6. Akt: Mails beantworten
Eine automatische genierte Nachricht bestätigt den Eingang des Service-Falls per Mail – worauf später noch eine Nachricht eingeht. Ich solle allerhand Dokumente (siehe 2. Akt) einreichen. Diese Redundanz ist wie ein kurzer Wellness-Urlaub, denke ich mir – nicht. Als ich das erledigt habe (den Bürokram, nicht den Wellness-Urlaub), geht es natürlich weiter:
7. Akt: Noch mehr Fotos einreichen
Der Distributor des E-Bike-Antriebsherstellers ermuntert mich, noch mehr Fotos zu machen. Ein Portrait des Displays, sowie wie ein Bild, auf dem die klitzekleine Seriennummer gut sichtbar ist. Das mache ich natürlich gerne.
8. Akt: Erfolgreicher Garantieantrag
Die Versandbestätigung des Distributors zeigt mir automatisch an: Hurra! Der Garantieantrag ist angenommen und das defekte Teil portofrei unterwegs. Es kann aber auch mal vorkommen, das ein frisches Garantieantragsformular eine Rücksendeetikette ausspuckt, auf der – automatisch generiert natürlich – die falsche Empfängeradresse drauf steht.
9. Akt: Der Shortcut
Diese 8. Akte sind selbstverständlich viel zu umständlich für einen guten Kundenservice. Das Garantie-Display war erst nach x-Werktagen bei uns. Wir verpflichten uns als Betrieb mit zertifizierter Werkstatt: Reparaturen sind wann immer möglich innert 1-2 Werktagen erledigt. Und wenn jemand bei uns ein Neufahrzeug kauft, soll er nicht unnötig lange darauf warten müssen.

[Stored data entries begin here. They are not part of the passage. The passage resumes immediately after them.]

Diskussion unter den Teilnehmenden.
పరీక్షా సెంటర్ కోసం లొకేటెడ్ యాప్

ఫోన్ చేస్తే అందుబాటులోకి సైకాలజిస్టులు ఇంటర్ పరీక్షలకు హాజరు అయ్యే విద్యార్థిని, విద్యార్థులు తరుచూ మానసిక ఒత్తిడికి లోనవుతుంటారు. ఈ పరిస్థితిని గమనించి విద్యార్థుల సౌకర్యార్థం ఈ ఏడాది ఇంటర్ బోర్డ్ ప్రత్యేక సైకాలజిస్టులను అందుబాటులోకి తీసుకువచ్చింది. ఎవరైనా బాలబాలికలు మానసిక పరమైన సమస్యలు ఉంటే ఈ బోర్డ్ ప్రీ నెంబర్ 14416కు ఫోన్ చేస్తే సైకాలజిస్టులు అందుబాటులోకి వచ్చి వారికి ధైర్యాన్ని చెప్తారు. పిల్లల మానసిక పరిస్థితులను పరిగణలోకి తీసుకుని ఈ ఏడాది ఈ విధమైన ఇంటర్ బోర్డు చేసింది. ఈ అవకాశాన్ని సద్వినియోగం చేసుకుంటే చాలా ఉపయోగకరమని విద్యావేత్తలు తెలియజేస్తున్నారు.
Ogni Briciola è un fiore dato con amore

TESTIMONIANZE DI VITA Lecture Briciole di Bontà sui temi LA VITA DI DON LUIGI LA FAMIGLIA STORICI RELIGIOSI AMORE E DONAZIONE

Die Lösung: Ich habe nach dem Öffnen des Bike-Kartons ein neues Display bestellt. Das war innerhalb 24 Stunden da und flugs montiert. Die Kundin hatte innert Kürze das neue E-Bike. Das Garantie-Display nehmen wir an Lager.

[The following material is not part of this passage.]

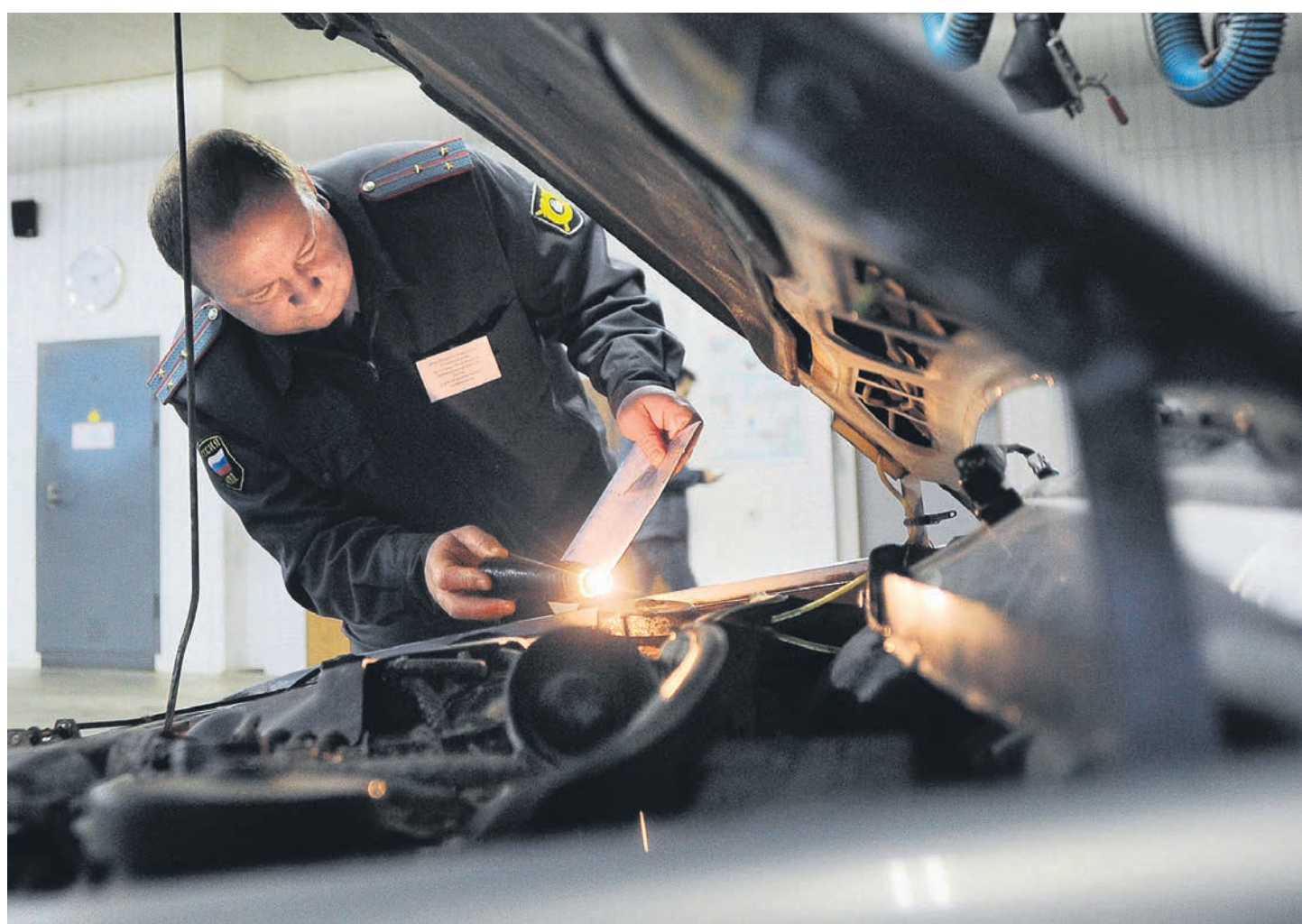
В затянувшихся спорах вокруг перспектив электронных ПТС появился новый аргумент — серьезный риск мошенничеств

Анонсированной целью системы электронных паспортов (СЭП) было формирование единой и полной базы автомобилей

10. Akt: Wie gehts besser?
Die Bike-Branche sollte sich Lösungen ausdenken, wie Garantieabwicklungen speditiver und kulanter zu machen sind. Würde ich von meiner Kundschaft bei Garantien x-fach Fotos, Dokumente, Online-Anträge in mehrfacher Ausführungen und das redundant und mit weiterer Bürokratie garniert verlangen, ich würde mich schlicht schämen.

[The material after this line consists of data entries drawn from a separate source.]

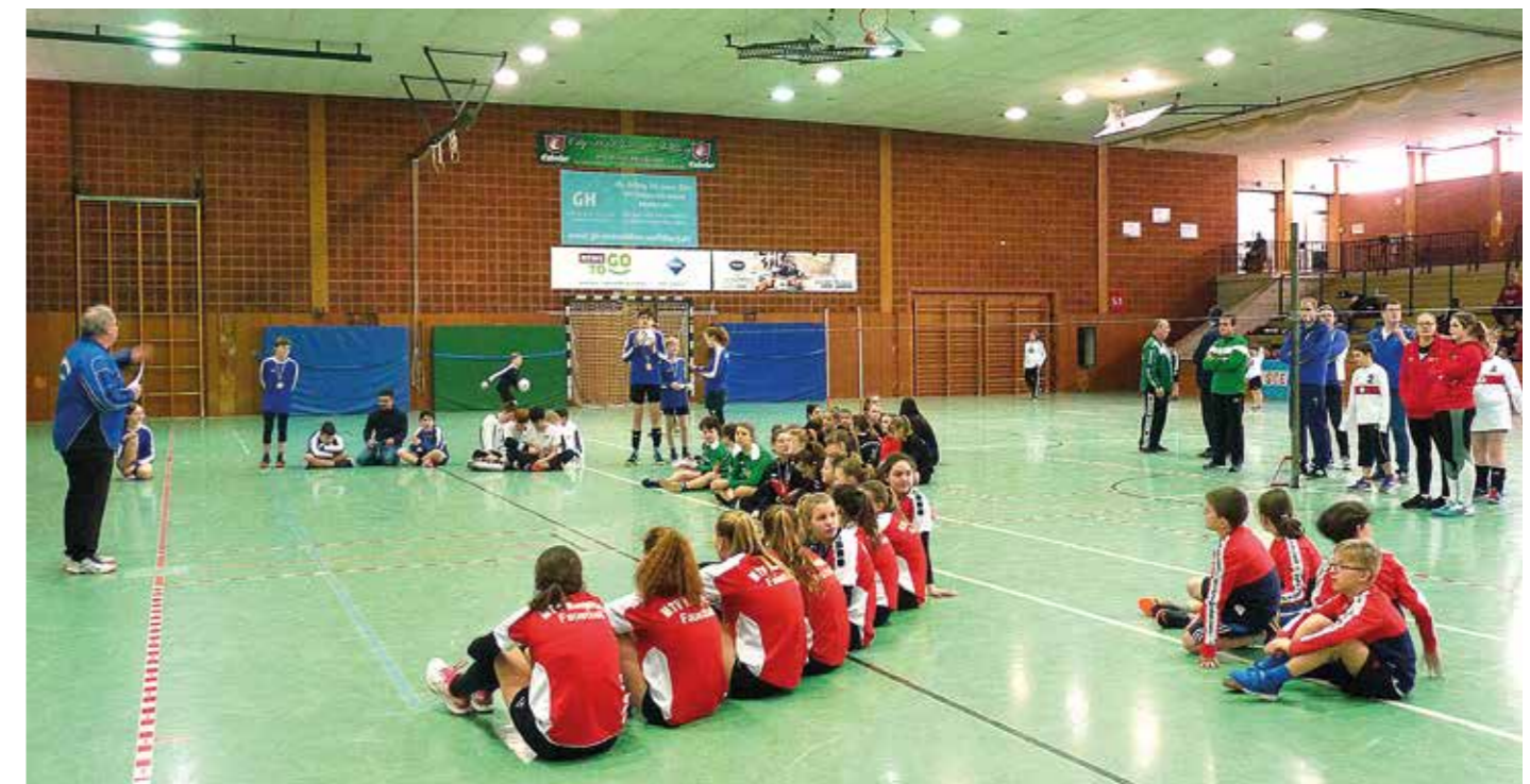
Siegerehrung beim Drohn-Youth-Bowl in Vorsfelde.
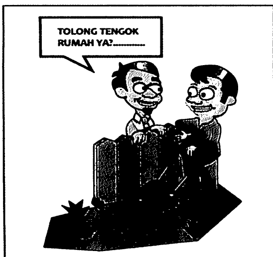
Mengurangkan kes jenayah
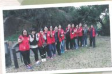
每年都由家教會委員負責一至三年級的集體遊戲，齊心就事成！
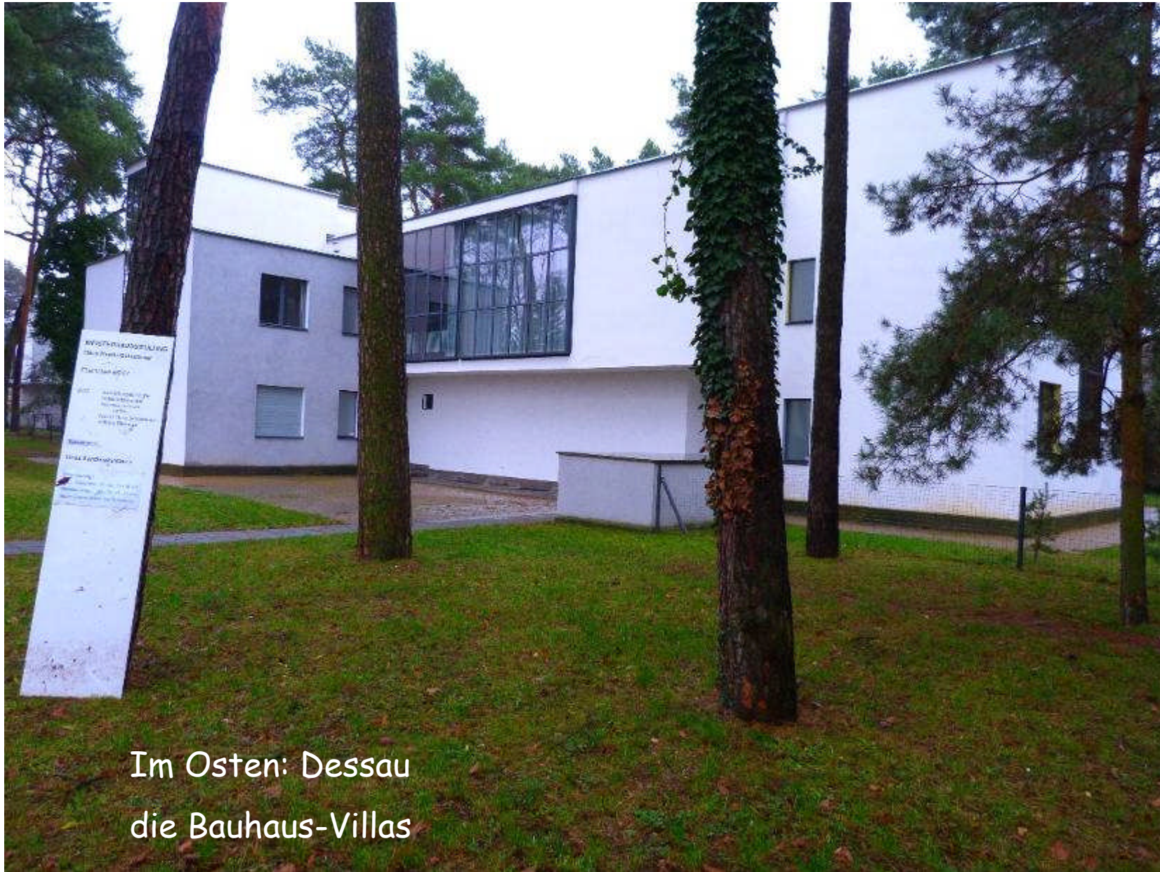
Im Osten: Dessau die Bauhaus-Villas
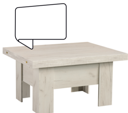
ławostół ERYK A 100-200 / B 80 / C 53-78
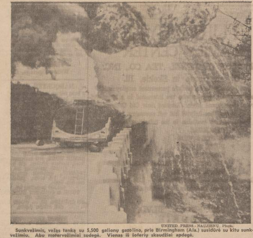
Sunkvežimis, vežas tanką su 5,500 galionų gazolino, prie Birmingham (Ala.) susidūrė su kitu sunkvežimiu. Abu motorvežimiai sudėgė. Vienas iš žoferių skaudžiai apdegė.
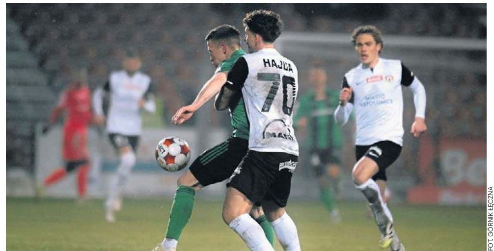
Piłkarzom Górnika Łęczna nie można odmówić ambicji i walki na boisku w Niepołomicach, ale efektem ich starań jest jedynie 11. porażka w sezonie

- Zawodnicy znają presję rywalizacji, mają ambicję i jakość, chcą brać odpowiedzialność
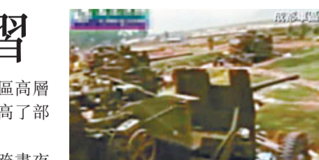
成都軍區某防空旅組織實戰演習。

判斷和決策指示, 始終保持高度的政治意識、憂患意識和責任意識, 不管形勢如何變化, 不管其他任務多麼繁重, 都要堅持軍事鬥爭準備龍頭地位不動搖, 扭住核心軍事能力建設不放鬆, 從難從嚴從實需要出發訓練部隊, 不斷提高部隊信息化條件下作戰能力。要進一步增強戰備觀念、落實戰備制度, 提高部隊戰備水平特別是應急處突能力, 及時妥善處置異常情況和突發事件, 確保國家邊海空防安全穩定。
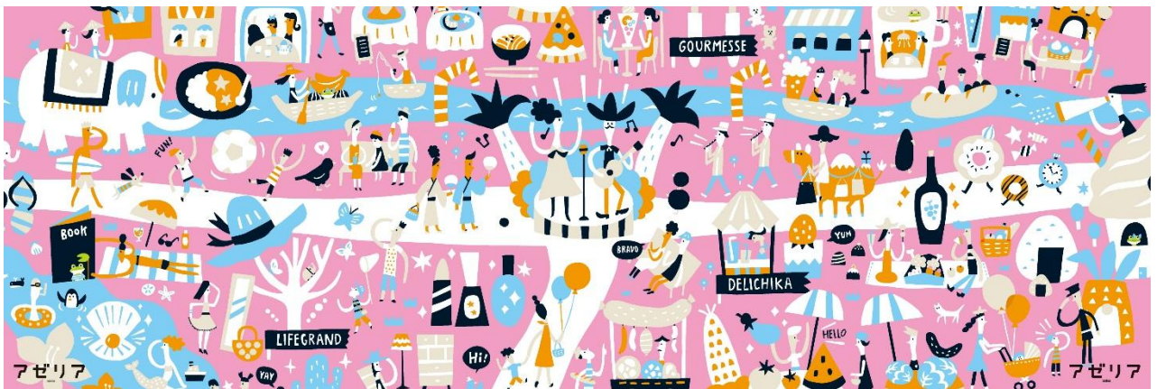
川崎アゼリア 夏のイラストビジュアル

川崎アゼリアは、“人生の豊かな時間を共有するライフシェアモール”をリニューアルコンセプトに掲げ、昨年7月31日に第1期リニューアルとして、食物販ゾーン『DELICHIKA(デリチカ)』を先行オープンいたしました。その後、本年3月16日には、新たにレストランゾーン『GOURMESSE(グルメッセ)』、ライフスタイルゾーン『LIFEGRAND(ライフグラン)』が加わり、お客様のライフスタイルに幅広くお応えする魅力ある商業施設となり、皆様に親しまれております。
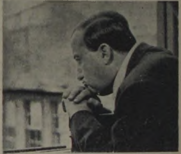
DENİZE İNEN SOKAK ★ Halkın tutmadığı bu film, kritiklerin ilgisini çekiyor. AYŞECİK ŞEYTAN ÇEKİCİ — Atıf Yılmaz'ın kozu.

Was mir am liebsten wäre: Alle defekten Parts sammeln, und diese ein- oder zweimal jährlich einreichen, oder ein Mitarbeiter des Teile- oder Fahrradherstellers holt diese sogar ab. Und darauf gibt es eine Gutschrift, oder neue Teile, mit ganz wenig Bürokrieg.
Zum Autor:
Tobias Gütlin ist der Branchenfachmann von Ride. Er führt neben seinem Engagement als Journalist einen eigenen Bikeshop in Binningen, und feiert dort aktuell das 20-jährige Jubiläum. Damit bringt Gütlin höchste Sensibilität für Fachhandelsthemen mit. Er schreibt über Produkte, Technologien, Standards und aktuelle Themen, die die Zweirad-Branche bewegen.